> [Data extract]
= = =

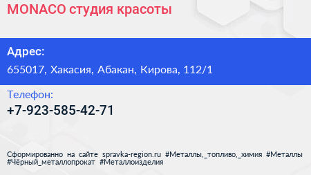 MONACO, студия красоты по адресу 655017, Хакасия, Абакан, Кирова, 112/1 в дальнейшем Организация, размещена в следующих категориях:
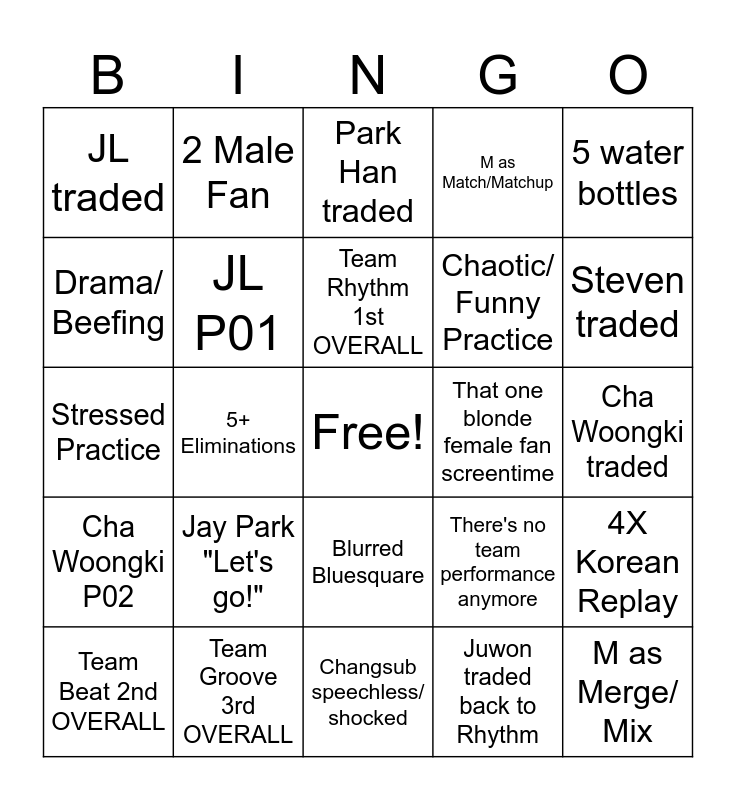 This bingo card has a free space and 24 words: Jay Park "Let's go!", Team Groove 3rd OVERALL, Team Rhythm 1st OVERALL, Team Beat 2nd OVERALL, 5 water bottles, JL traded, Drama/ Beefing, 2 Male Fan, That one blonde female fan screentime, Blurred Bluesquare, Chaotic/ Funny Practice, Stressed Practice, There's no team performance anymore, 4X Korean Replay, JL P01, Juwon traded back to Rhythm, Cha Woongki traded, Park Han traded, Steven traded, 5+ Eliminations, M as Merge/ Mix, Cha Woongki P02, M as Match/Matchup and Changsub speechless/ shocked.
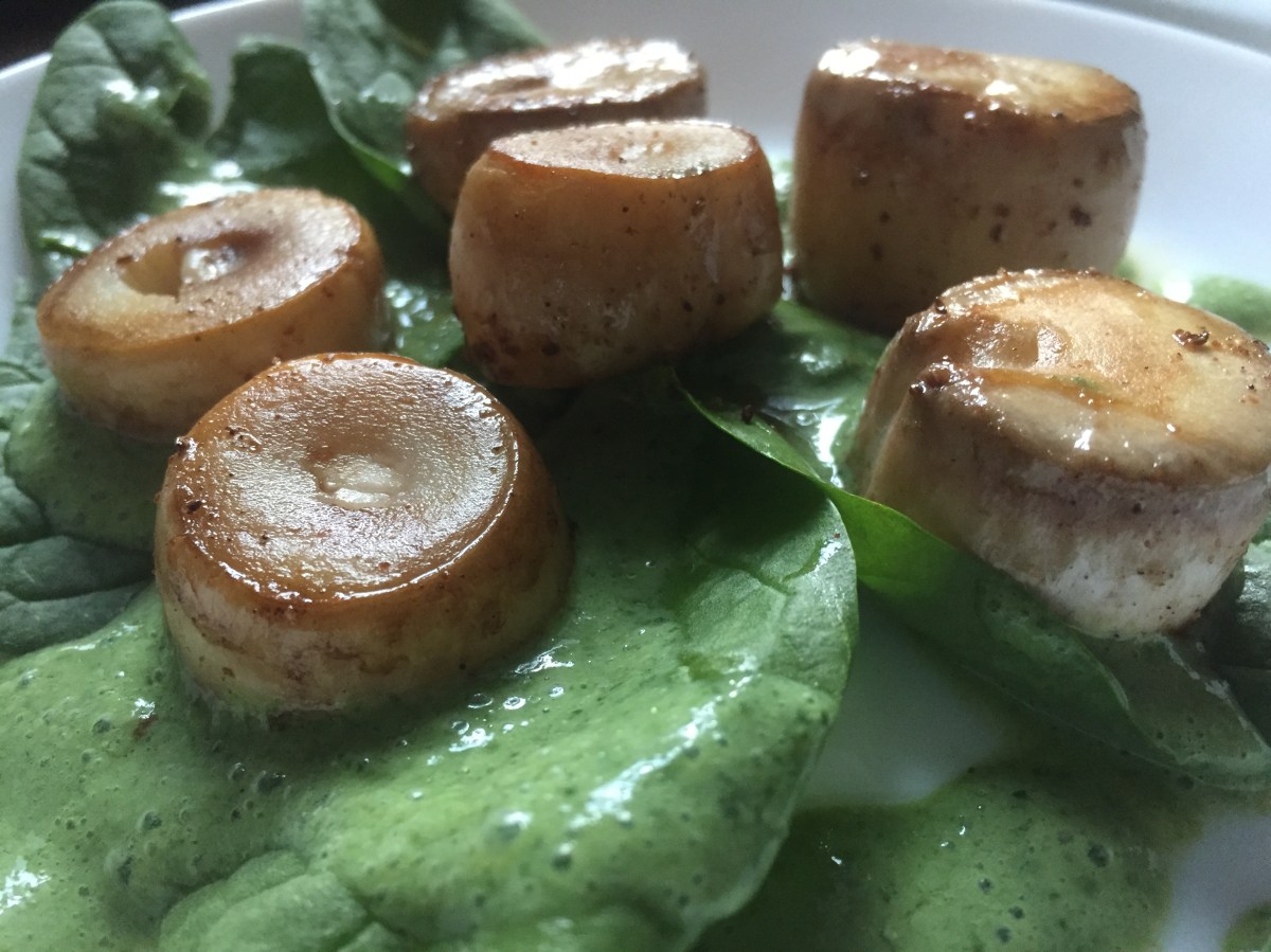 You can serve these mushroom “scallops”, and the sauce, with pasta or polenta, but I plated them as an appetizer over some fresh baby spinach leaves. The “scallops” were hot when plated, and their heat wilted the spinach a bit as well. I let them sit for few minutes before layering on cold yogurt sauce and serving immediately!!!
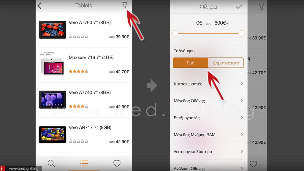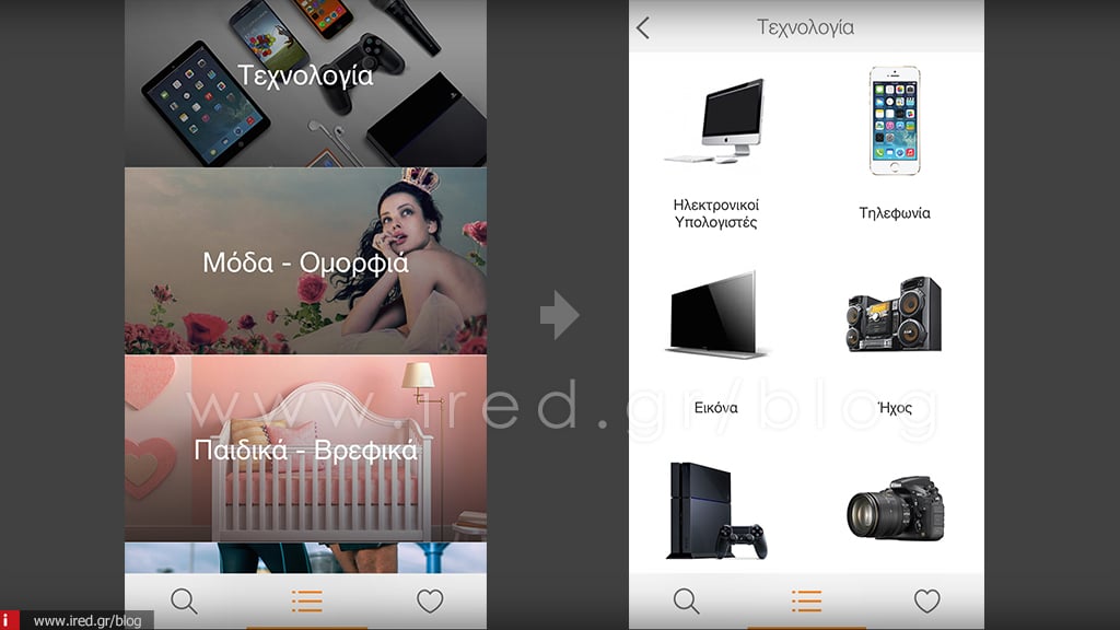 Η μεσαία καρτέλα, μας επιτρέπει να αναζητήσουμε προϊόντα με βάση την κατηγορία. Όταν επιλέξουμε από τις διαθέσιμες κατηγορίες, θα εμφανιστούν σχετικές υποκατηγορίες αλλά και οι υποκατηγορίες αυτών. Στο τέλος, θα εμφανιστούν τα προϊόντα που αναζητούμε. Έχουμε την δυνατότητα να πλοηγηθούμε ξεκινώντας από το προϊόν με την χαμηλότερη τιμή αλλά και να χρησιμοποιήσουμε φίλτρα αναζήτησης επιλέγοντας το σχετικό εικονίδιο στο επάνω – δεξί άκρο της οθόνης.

= = =

> [Task details] Leave out the pictures, then reproduce exactly the run of lines from the one that contains "This bingo card" to the final line of the listing above.

> [Answer below]
 This bingo card has a free space and 24 words: Jay Park "Let's go!", Team Groove 3rd OVERALL, Team Rhythm 1st OVERALL, Team Beat 2nd OVERALL, 5 water bottles, JL traded, Drama/ Beefing, 2 Male Fan, That one blonde female fan screentime, Blurred Bluesquare, Chaotic/ Funny Practice, Stressed Practice, There's no team performance anymore, 4X Korean Replay, JL P01, Juwon traded back to Rhythm, Cha Woongki traded, Park Han traded, Steven traded, 5+ Eliminations, M as Merge/ Mix, Cha Woongki P02, M as Match/Matchup and Changsub speechless/ shocked.
 You can serve these mushroom “scallops”, and the sauce, with pasta or polenta, but I plated them as an appetizer over some fresh baby spinach leaves. The “scallops” were hot when plated, and their heat wilted the spinach a bit as well. I let them sit for few minutes before layering on cold yogurt sauce and serving immediately!!!
 Η μεσαία καρτέλα, μας επιτρέπει να αναζητήσουμε προϊόντα με βάση την κατηγορία. Όταν επιλέξουμε από τις διαθέσιμες κατηγορίες, θα εμφανιστούν σχετικές υποκατηγορίες αλλά και οι υποκατηγορίες αυτών. Στο τέλος, θα εμφανιστούν τα προϊόντα που αναζητούμε. Έχουμε την δυνατότητα να πλοηγηθούμε ξεκινώντας από το προϊόν με την χαμηλότερη τιμή αλλά και να χρησιμοποιήσουμε φίλτρα αναζήτησης επιλέγοντας το σχετικό εικονίδιο στο επάνω – δεξί άκρο της οθόνης.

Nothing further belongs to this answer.